Daly City Vice Mayor David Canepa said public works agencies are typically stuck with the job of clearing drains of plastic bags, or picking them up at parks and public beaches.

"Who has to clean up all these bags? We do," said Canepa, who introduced his city's bag ban in January.

"So the taxpayer wins because the city is always stuck with cleaning them up," he said. Daly City is among the dozen cities joining San Mateo County in implementing plastic bag bans today. The other cities are Belmont, Brisbane, Burlingame, Colma, Foster City, Half Moon Bay, Menlo Park, Pacifica, Portola Valley, San Bruno and South San Francisco, according to the county.

Four other cities -- East Palo Alto, Redwood City, San Carlos and San Mateo -- have similar bans in the works. Millbrae already has a plastic
bag ban in place.

Canepa said the transition to reusable bags in his community seems to be going off without a hitch.

"I just went to Trader Joe's, it seems seamless for now," he said. "People are adjusted."

Customers who don't bring their own reusable bags will be charged at least a 10-cent fee for a paper or recyclable bag. The fee will rise to 25 cents in 2015.

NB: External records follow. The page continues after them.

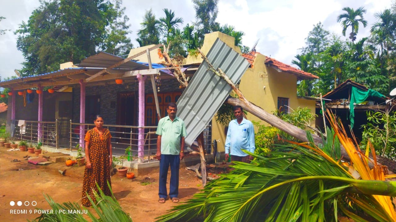 ನರಸಿಂಹರಾಜಪುರ: ತಾಲೂಕಿನ ಕಾನೂರು ಗ್ರಾಮದ ರಾಮನಹಡ್ಲು ಸರೋಜ ಎಂಬುವರ ಮನೆಯ ಮೇಲೆ ಅಕೇಶಿಯಾ ಮರ ಉರುಳಿ ಬಿದ್ದ ಘಟನೆ ಗುರುವಾರ ಸಂಜೆ 5 ಗಂಟೆಗೆ ನಡೆದಿದೆ. ಮನೆಯ ಗೋಡೆ ಬಿರುಕು ಬಿದ್ದಿದೆ. 4 ಪಕಾಸಿ , ಸಿಮೆಂಟು ಕಂಬ ಹಾಳಾಗಿದೆ. ಮೇಲ್ಛಾವಣಿಯ ಕೆಲವು ಶೀಟುಗಳು ಸಹ ಬಿರುಕು ಬಿಟ್ಟಿದೆ. ಸ್ಥಳಕ್ಕೆ ಕಾನೂರು ಗ್ರಾಮ ಪಂಚಾಯಿತಿ ಪಿಡಿಒ ಶ್ರೀನಿವಾಸ್, ಗ್ರಾಮ ಆಡಳಿತಾಧಿಕಾರಿ ಕುಮಾರ ಸ್ವಾಮಿ ಭೇಟಿ ನೀಡಿ ನಷ್ಟದ ಅಂದಾಜು ಪರಿಶೀಲನೆ ಮಾಡಿದರು.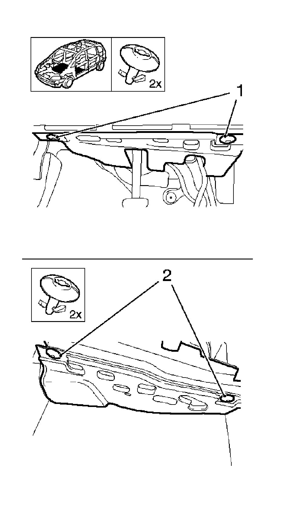 * Remove the 2 retainers (2) on the passenger side and remove the I/P insulator from the bracket.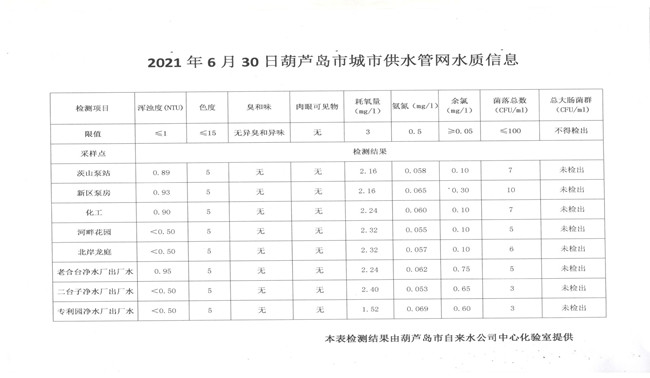 2021年6月30日葫蘆島市城市供水管網水質信息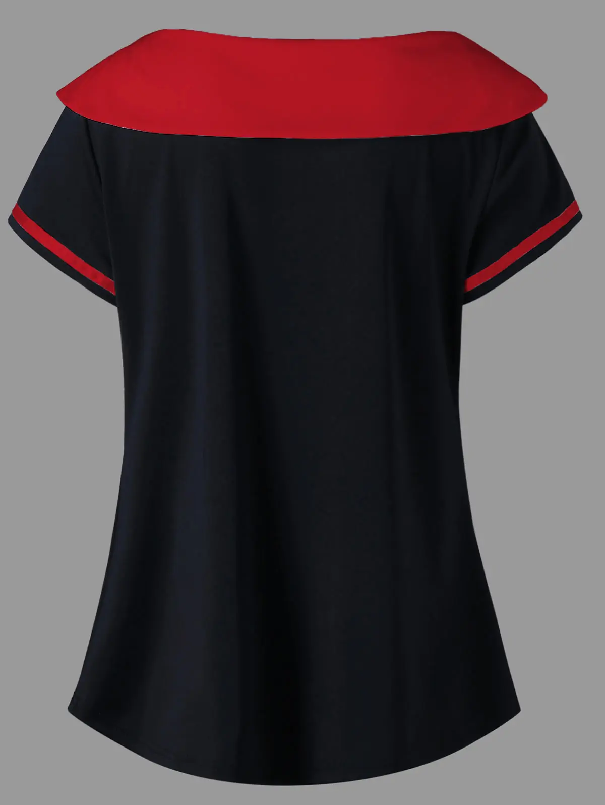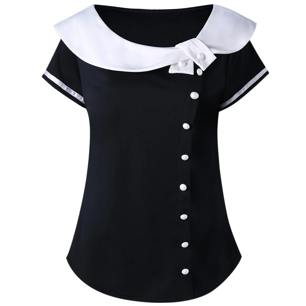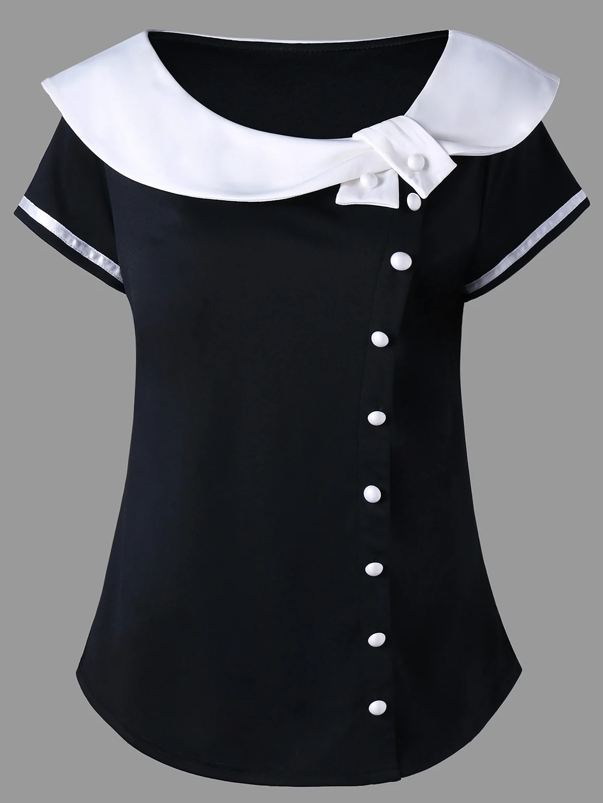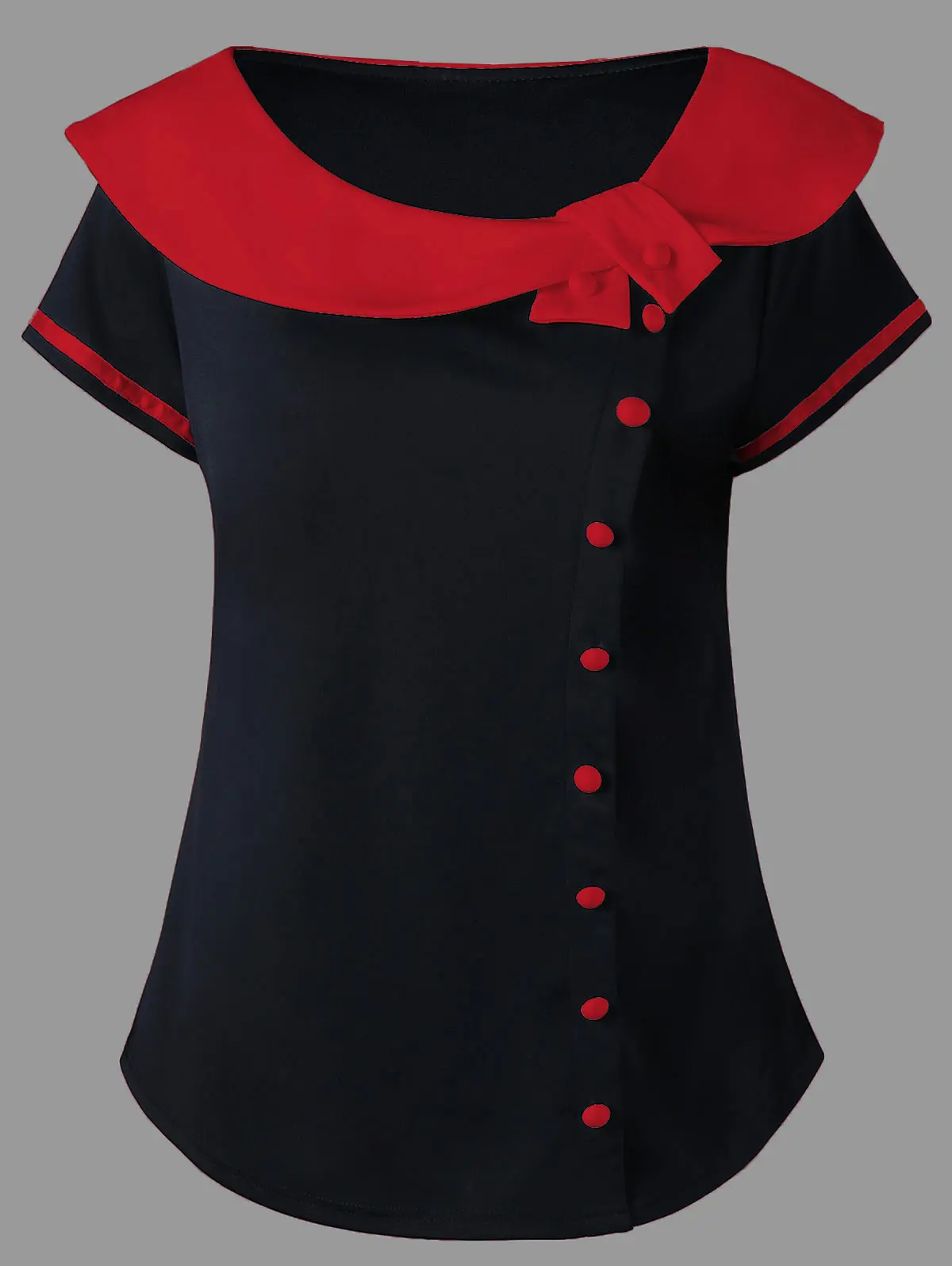 Model Number:514 Plus Size Peter Pan Collar Buttons T-Shirt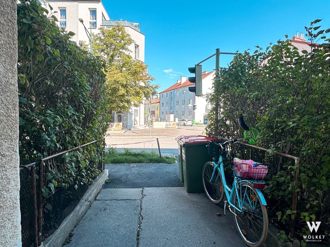 Die kleine, ruhige Hausgemeinschaft teilt sich einen begrünten Innenhof, der sich ideal zum Wäschetrocknen oder für Blumen eignet. Dort befindet sich auch der Fahrradabstellraum. Ein Kellerabteil ist im Kaufpreis enthalten.
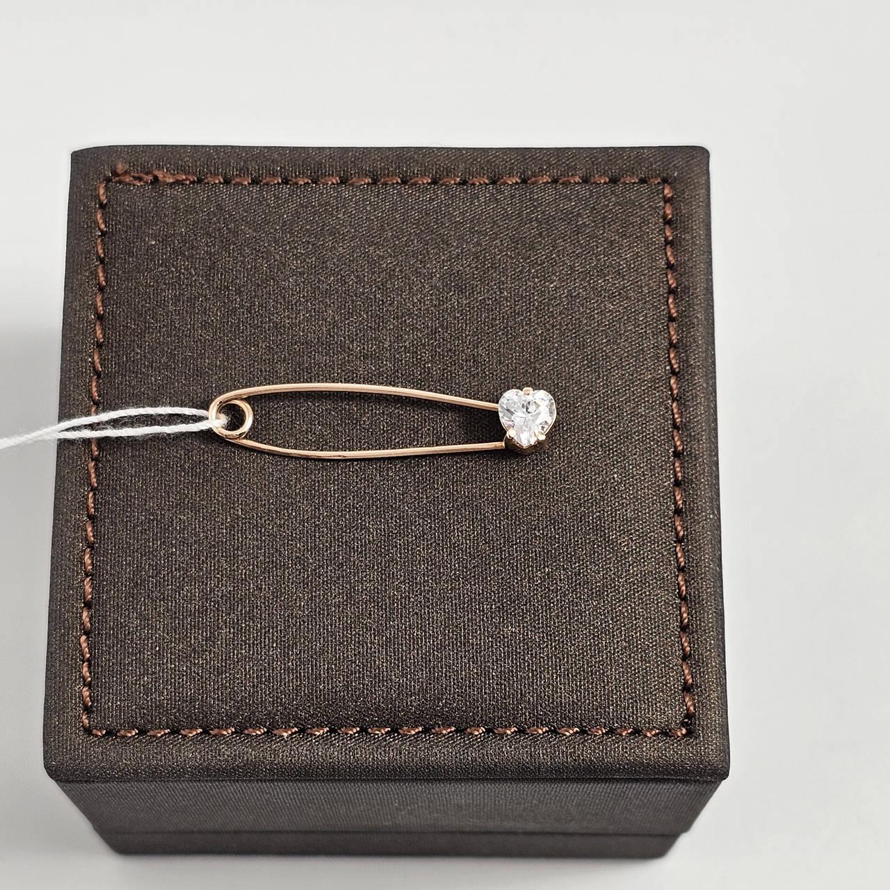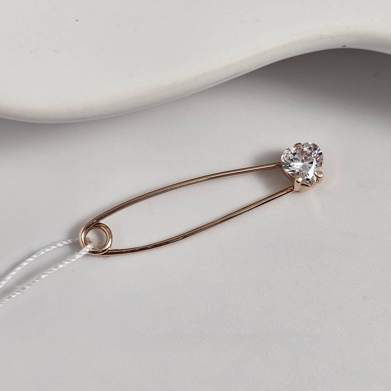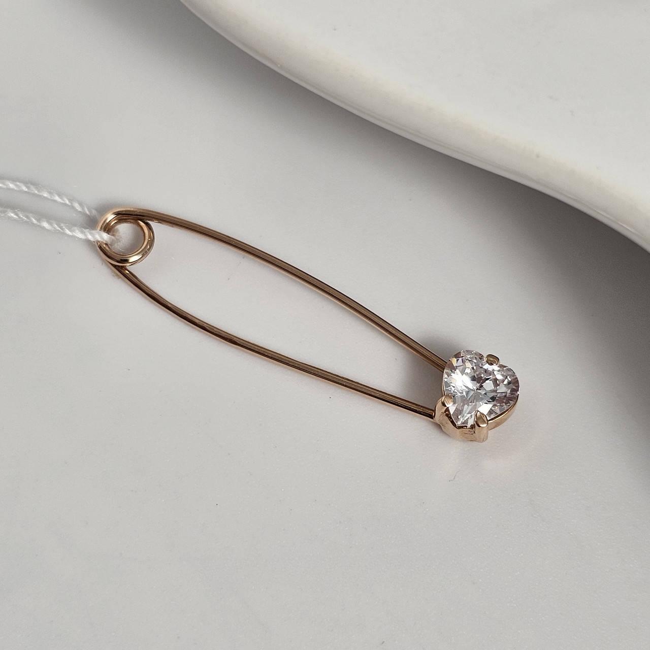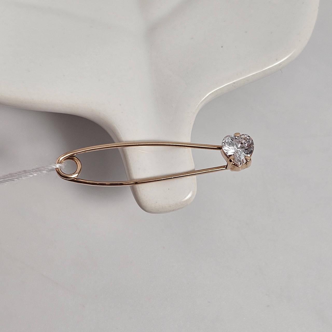 Брошка шпилька золота гладка з білим фіанітом сердечком

Businesses that are exempt from the ban are non-profit retail businesses like Goodwill, and restaurants with take-out business, which will still be permitted to package to-go food in plastic bags, Peterson said.

There are a few other exemptions, including protective bags for produce, dry cleaning and newspapers. Peterson said other communities that have implemented reusable bag ordinances have seen little resistance from the public.

"Most people have been supportive, and many have wondered why we haven't done this already," he said.